WFI – Water-for-Injection

Water for Injection (WFI) is a highly purified form of water specifically used in the production of pharmaceuticals for parenteral administration. It serves as a carrier material for dissolving or diluting substances or preparations intended for injection into the body. WFI must meet stringent quality requirements to ensure it is free from impurities and microbiological contamination. In the pharmaceutical industry, it is an essential component in ensuring the safety and efficacy of injectable preparations.

WHO – World Health Organization

The World Health Organization (WHO), founded in 1948 and headquartered in Geneva, serves as the coordinating authority for international public health matters. Its goal is to create a better and healthier future for people worldwide.

WIP – Washing-in-Place

WIP (Washing In Place) refers to the semi-automated cleaning and disinfection of e.g. filling machines by pumping appropriate cleaning and disinfecting agents into the system. Unlike CIP (Cleaning-In-Place), WIP requires additional manual cleaning effort.

Z-Value

The Z-value is a microbiological parameter that characterizes the kill behavior of microorganisms during sterilization. It describes the necessary increase in temperature to reduce the D-value by a factor of ten, resulting in a log-cycle reduction of microorganisms. The Z-value indicates the sensitivity of microbes to temperature changes and is central to ensuring effective microorganism reduction with minimal impact on the product.

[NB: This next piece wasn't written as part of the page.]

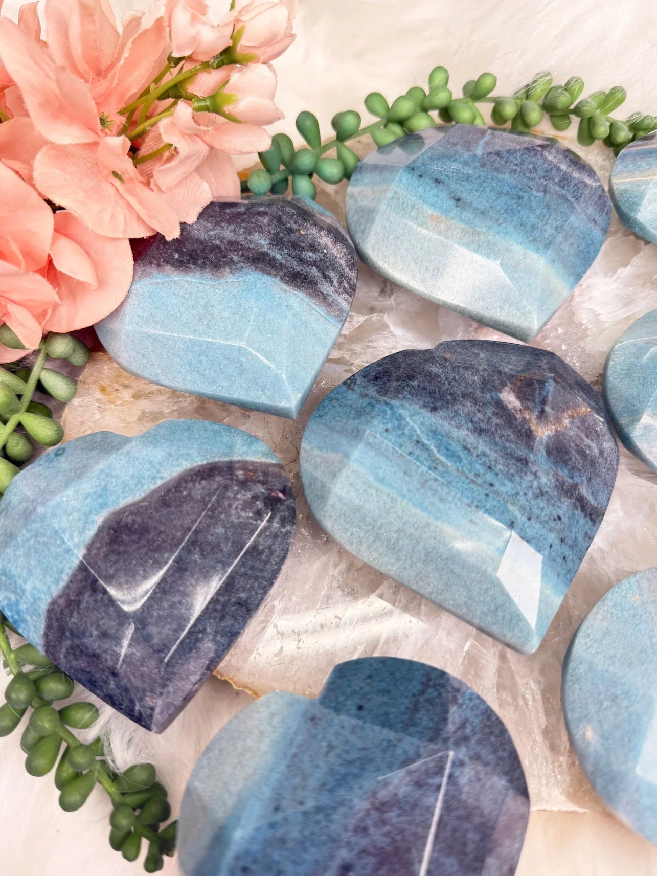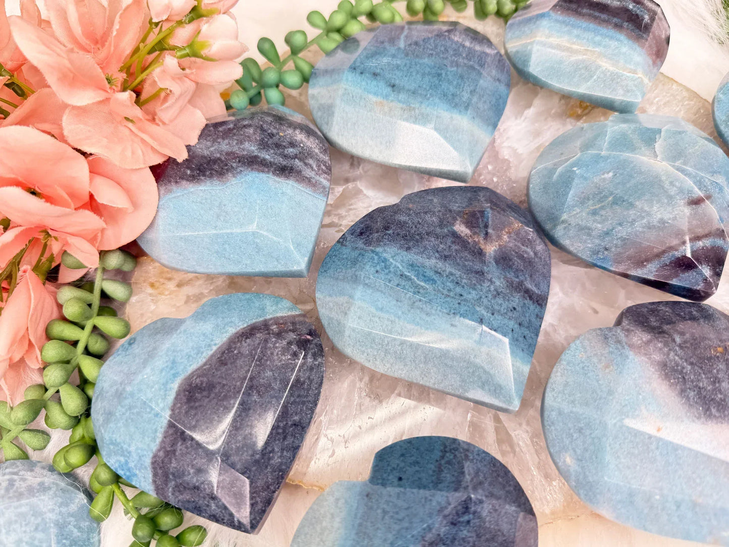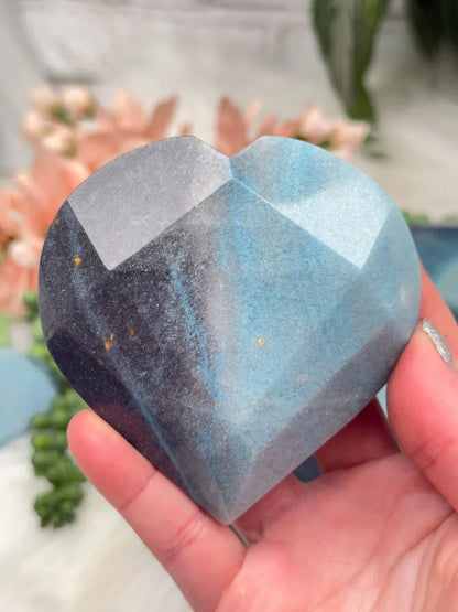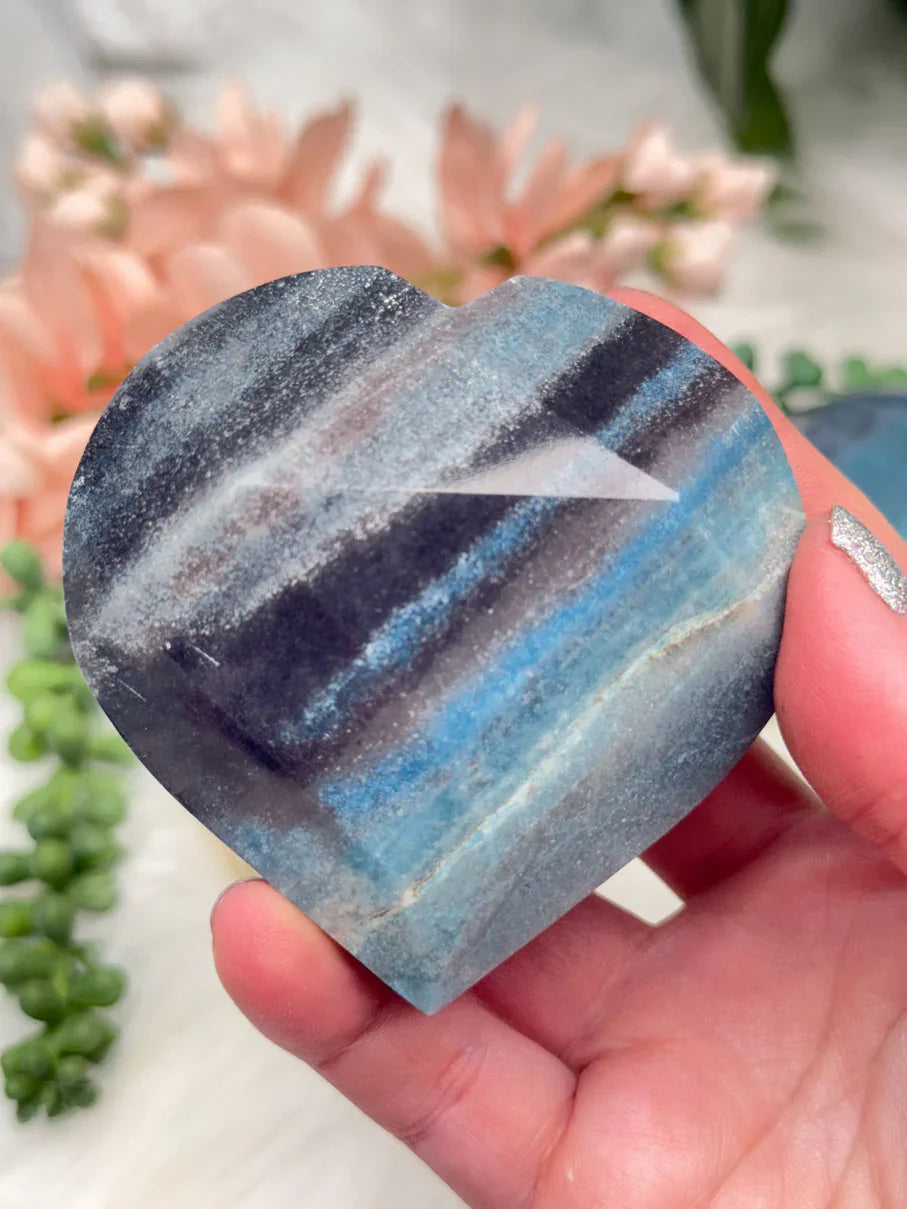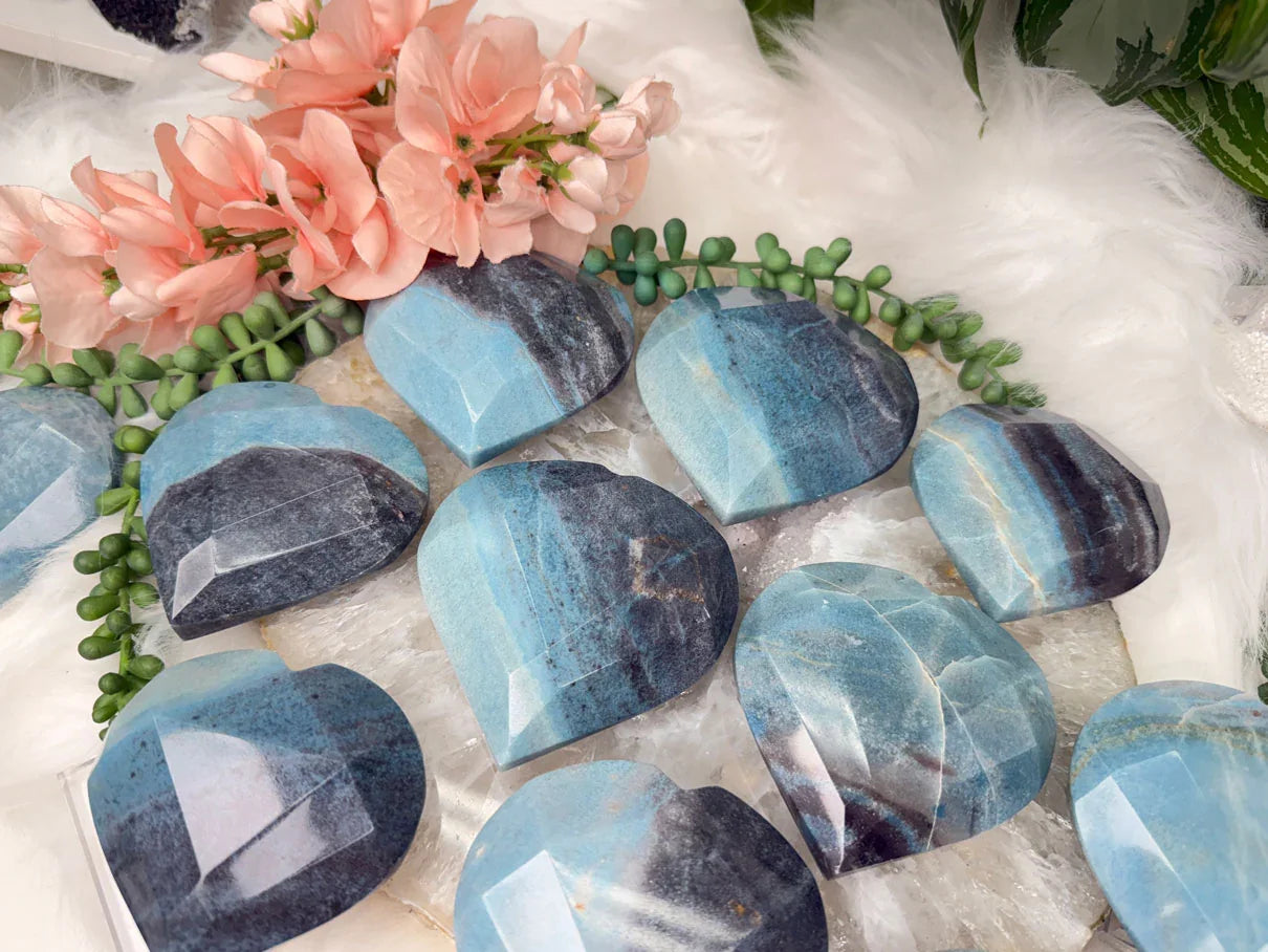 Beautiful naturally colored Blue Trolleite hearts from Brazil. These Trolleite hearts have a faceted geometric cut to them giving some extra pizazz.  Trolleite has a wide range of blue colors from a deep navy blue to a vibrant (but soft) aqua teal coloring.  These are no exception! Choose your exact heart.

ZLG – Zentralstelle der Länder für Gesundheitsschutz bei Arzneimitteln und Medizinprodukten

The Zentralstelle der Länder für Gesundheitsschutz bei Arzneimitteln und Medizinprodukten (ZLG) is a German institution that coordinates cooperation between the federal states on health protection issues. It plays an important role in the harmonization and monitoring of standards for medicinal products and medical devices in Germany. The ZLG supports state authorities in the surveillance, approval, and certification of products and processes in the medical field to ensure safety and efficacy. Through this coordinated approach, the ZLG contributes to ensuring high-quality standards in health protection.